Run SageMaker Processing Jobs from Step Functions

By Simon Löw | July 5, 2020

SageMaker Processing jobs are a great way to run heavy processing steps in your machine learning pipeline, without the need for setting up an ECS cluster or a Batch job. But integrating them into a Step Functions workflow can be tricky, since there is no direct service integration for processing jobs. In the following I will show you, how you can easily run and monitor SageMaker Processing jobs from Step Functions.

Update

Step Functions now provide full integration for SageMaker Processing Jobs and can controll them directly from the Amazon States Language.

But for most Machine Learning use-cases I nowadays recommend SageMaker Pipelines, which provide a nice Python SDK and fully integrate with other SageMaker services like experiment tracking.

The Concept

To run the processing job from our Step Function, we will implement two Lambda functions:

The first function will start the processing job and return the job name. All relevant parameters are exposed to the Step Function. So you can implement it once and use it to trigger all kinds of processing jobs, no matter what container and script you use.
The second function will monitor your processing jobs. Given the job name it returns the the current job status.
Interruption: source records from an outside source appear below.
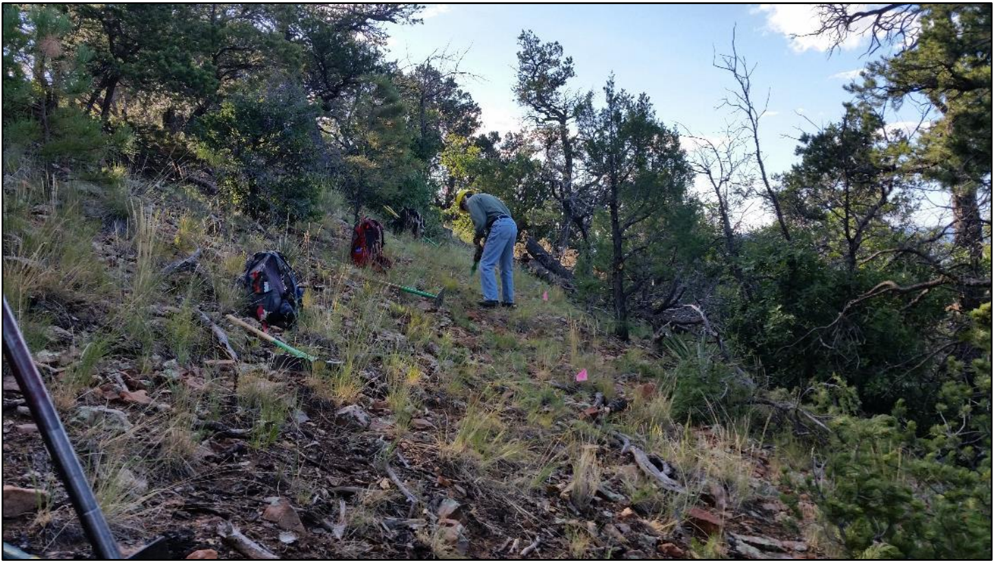
Before: first tool swing into a new trail section.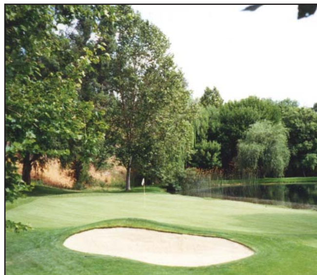
Valencia Country Club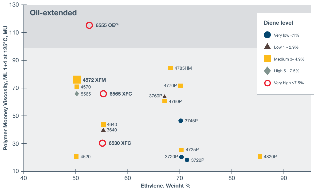
Figure 1: Property ranges of NORDEL™ EPDM products (1,2)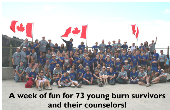
A week of fun for 73 young burn survivors and their counselors!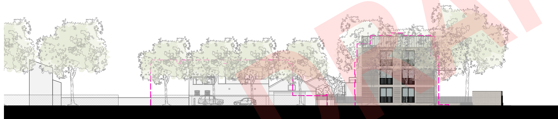
West elevation - 1:400@A3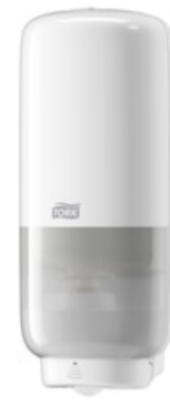
Tork Soap-Sanit Disp – Int Sens, wh 561600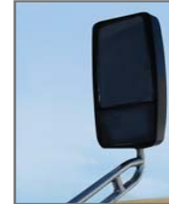
Breakaway Convex Mirrors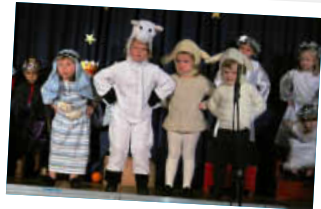
The Grumpy Sheep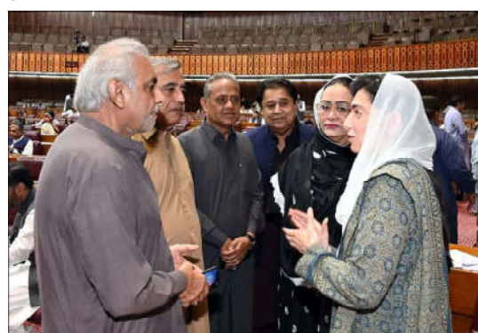
ISLAMABAD: Asifa Bhutto Zardari talking to MNAs during national assembly session at parliament house.

He also appealed the United Nations, Islamic countries and all human rights organizations to play their role in ending the growing Indian oppression in Kashmir.

In your Step Function you can then trigger the processing job once and periodically check the status until the job either succeeds or fails:

**Running SageMaker Processing Job within a StepFunction**

Side note: You could also implement one Lambda function that starts the processing job and waits for the result. But the downsides are, that you pay for your lambda function the whole time the processing job is running and your are subjective to Lambda limits: If your processing job runs more than 15 minutes your Lambda function gets killed and your Step Function workflow fails.

Lambda Function: Starting a SageMaker Processing Job

Let’s jump right into the code and implement the first Lambda function to trigger a processing job.

We use the boto3 API here, since they are preinstalled in the execution environment. You could also use the SageMaker SDK, which makes the code a bit nicer. But we would need to setup our own execution environment. Currently, the SageMaker SDK isn’t officially supported in Lambdas and requires some extra hacks.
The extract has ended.